First Drawing: planning, designing, reflecting

The circle undrawn is never the circle drawn; — Norman Nicholson

The 20th Century  British poet knew of the gap between our eye, our mind, and our hands. This gap, quite  apparent at the beginning of the school year awaits our response.  Integrating a visual strategy into your class can begin anywhere. The point is to start looking and start connecting looking to seeing, seeing to drawing, drawing to words.

For the past two years I have started with Albrecht Dürer’s Melencholia I (Albrecht Dürer – Melancholia I, 1514). I don’t spend a lot of time discussing the work of art as a cultural object; rather, we use the work of art as a beginning of seeing and thinking.  I have chosen the print for a variety of reasons.
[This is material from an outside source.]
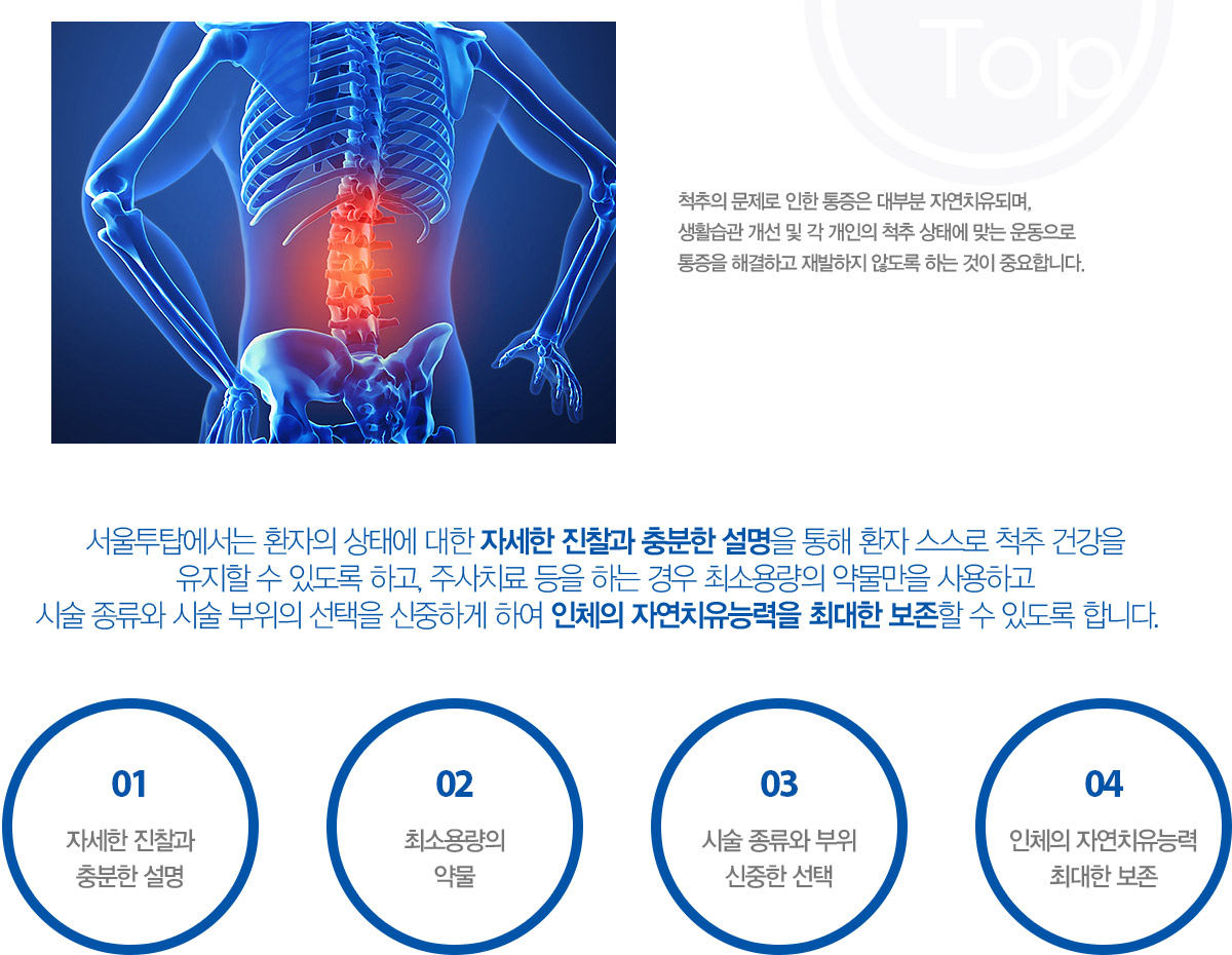 ôÃßÀÇ ¹®Á¦·Î ÀÎÇÑ ÅëÁõÀº ´ëºÎºÐ ÀÚ¿¬Ä¡À¯µÇ¸ç, »ýȰ½À°ü °³¼± ¹× °¢ °³ÀÎÀÇ Ã´Ãß »óÅ¿¡ ¸Â´Â ¿îµ¿À¸·Î ÅëÁõÀ» ÇØ°áÇϰí Àç¹ßÇÏÁö ¾Êµµ·Ï ÇÏ´Â °ÍÀÌ Áß¿äÇÕ´Ï´Ù. ¼­¿ïÅõž¿¡¼­´Â ȯÀÚÀÇ »óÅ¿¡ ´ëÇÑ ÀÚ¼¼ÇÑ ÁøÂû°ú ÃæºÐÇÑ ¼³¸íÀ» ÅëÇØ ȯÀÚ ½º½º·Î ôÃß °Ç°­À» À¯ÁöÇÒ ¼ö ÀÖµµ·Ï Çϰí, ÁÖ»çÄ¡·á µîÀ» ÇÏ´Â °æ¿ì ÃÖ¼Ò¿ë·®ÀÇ ¾à¹°¸¸À» »ç¿ëÇÏ°í ½Ã¼ú Á¾·ù¿Í ½Ã¼ú ºÎÀ§ÀÇ ¼±ÅÃÀ» ½ÅÁßÇÏ°Ô ÇÏ¿© ÀÎüÀÇ ÀÚ¿¬Ä¡À¯´É·ÂÀ» ÃÖ´ëÇÑ º¸Á¸ÇÒ ¼ö ÀÖµµ·Ï ÇÕ´Ï´Ù.

First, it is a significant work of art that continues to inspire conversation.  Many have tried their hand at its composition. The image also covers a range of objects and ideas: students can draw the entire piece or focus on one particular element.

 

“All her life Mary has been strong, confident and smart. Her parents were always wealthy, and had everything she had ever asked for. She had long beautiful silky dresses, and enough gold for the entire kingdom. Yet, she still felt as if something was missing – not something from her extravagant room, but something missing insider her…”

 

 

 

 

The image can handle sustained observation and the longer you look, the more you see.

“The Story: The woman, her child, and her crew were trying to get to their destination or the light in the distance. Their ship was wrecked and they were the only ones to survive. They washed up on a deserted island and the wreckage came with them. Now they are stuck on the gross uninhabited island and can see their destination in the distance. She is upset and starving. She is afraid she will die before someone finds them.”

 

The drawing work leads to conversation: What did you see? What did you draw? Why are these objects together? What does melencolia mean?  I then can ask the question (and one we will be asking and discussing all year): In what ways is seeing literal? In what ways is seeing metaphorical?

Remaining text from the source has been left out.